LIVE FX Patrol
The Weekly Wrap

The week, explained.

Every Sunday we take two of the majors — GBP/USD and EUR/USD — and break down what moved and why: the rate-expectation shifts, the data, the central-bank speak. Free, no account needed. It's the fundamental read the full engine runs on 37 instruments.

Week ending 07 Jun 2026

EUR/USD EURUSD -1.11% this week

Dollar regains its footing as dual-hike hopes collide

EUR/USD slipped 1.11% on the week, falling from 1.1652 to close near 1.1523 as the dollar found renewed support from rekindled Federal Reserve tightening bets.

The euro's recent run higher hit a wall this week, with EUR/USD shedding over a cent as markets reassessed the relative pace of rate hikes on both sides of the Atlantic. Fed Funds futures now price roughly 31 basis points of net tightening through April 2027, with a coin-flip chance of a move as soon as 17 June. That is not a lot of tightening in absolute terms, but the mere possibility of the Fed acting again was enough to put a floor under the dollar.

On the European side, the picture is hardly weak. Eurozone core inflation — which strips out food and energy — came in at 2.5%, a touch above the 2.4% expected, and ECB Governing Council member Olli Rehn all but confirmed a June 'insurance' rate rise is fully baked in. Yet here lies the problem for EUR/USD bulls: both central banks are hiking, so the rate advantage that had been lifting the euro is getting harder to exploit. When both legs of a currency pair are tightening, the differential — the gap that really moves exchange rates — compresses and the trade loses conviction.

Geopolitical noise added a safe-haven bid for the greenback. Iran launched missile strikes against Israel on Sunday, halting flights at Tehran's main airport and prompting warnings of a 'crushing response' to any Israeli counter-move. In moments of acute uncertainty, traders tend to reach for the dollar as the world's reserve currency, and this week was no exception.

With euro positioning sitting near the middle of its historical range (the 43rd percentile — meaning speculators are neither especially long nor short), there is no obvious crowded trade to unwind. The pair looks likely to remain choppy: strong European data argues against a sharp fall, but a Fed that refuses to stand down limits meaningful upside too.

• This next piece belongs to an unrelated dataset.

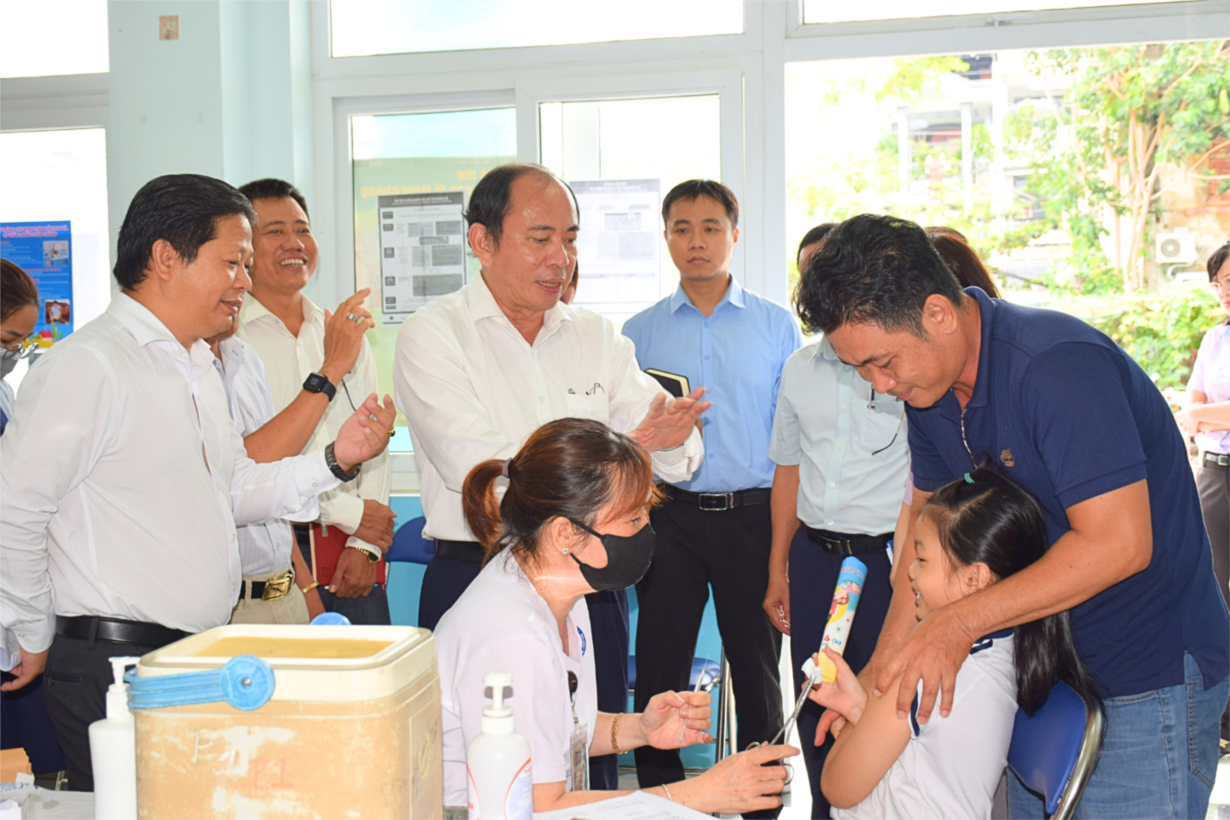 PGS TS BS Tăng Chí Thượng, Giám đốc Sở Y tế kiểm tra thực tế điểm tiêm chủng vắc xin sởi tại Trường tiểu học Nguyễn Trực (17/9/2024)

GBP/USD GBPUSD -0.79% this week

Cable slips as stagflation fog and Gulf jitters weigh on the pound

GBP/USD fell 0.79% this week, sliding from 1.3446 to close around 1.3339 as competing pressures on both sides of the Atlantic left sterling without a clear ally.

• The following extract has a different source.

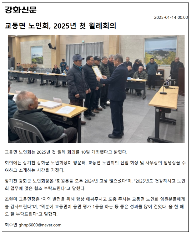 교동면 노인회, 2025년 첫 월례회의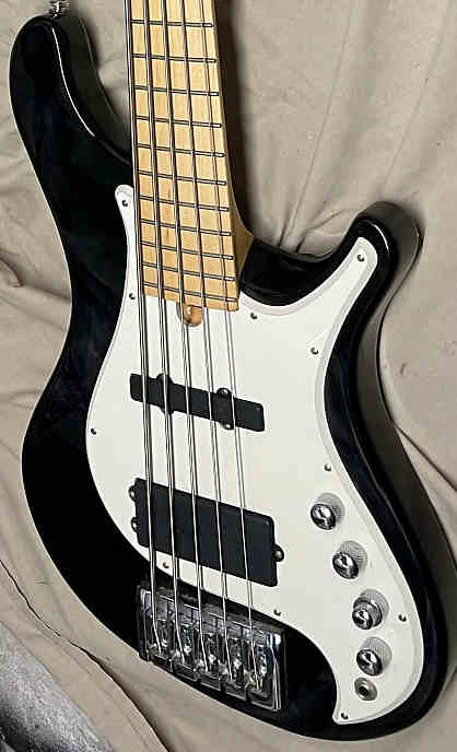 For 5-string bass, 11 screw holes, J neck pu, MM bridge pickup, 4 knobs & jack, does not have mini toggle switch

The pound had a muted but negative week, drifting lower as the fundamental picture on both legs remained muddy. Bank of England Governor Andrew Bailey set the tone early, acknowledging an uncomfortable stagflationary bind: UK inflation is running above target — largely blamed on the Gulf energy shock — yet the growth outlook has been downgraded, stopping just short of recession territory. That "slower, not collapsing" framing gave the BoE no obvious excuse to cut rates, but equally no clear mandate to hike aggressively. The result was a central bank stuck in the middle, and a pound with little rate-differential appeal.

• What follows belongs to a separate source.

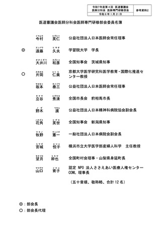 参考資料2 医道審議会医師分科会医師専門研修部会委員名簿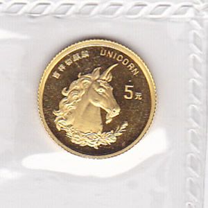 China 5 Yuan 1/20th ounce gold 1996, Unicorn **|**|** China 5 Yuan 1/20th ounce gold 1996, Unicorn ; MSRP: $250

Across the Atlantic, the dollar found quiet support from stubborn Fed pricing. Markets are currently assigning roughly a 50% chance of a Federal Reserve interest-rate hike by the June FOMC meeting, with futures implying around 31 basis points of net tightening priced through to April 2027. When both central banks lean hawkish, the rate-differential edge that normally drives a currency pair disappears — and cable trades on sentiment instead.

Sentiment, unfortunately, was not sterling's friend either. Geopolitical noise dominated the weekend headlines, with UK Foreign Secretary Cooper publicly calling on Iran and Israel to exercise restraint, and European leaders pressing Putin for an immediate ceasefire in Ukraine. Renewed Middle East tension kept risk appetite cautious and oil prices uncertain — the very energy-price volatility that is complicating the BoE's inflation calculus in the first place.

With CFTC data showing leveraged funds only modestly short the pound — nothing like the extreme positioning that can trigger sharp reversals — there was no technical snap-back to rescue sterling. The pair looks set to take its next cue from the US non-farm payrolls report and any further signals from Bailey, with direction genuinely hard to call until the data speaks.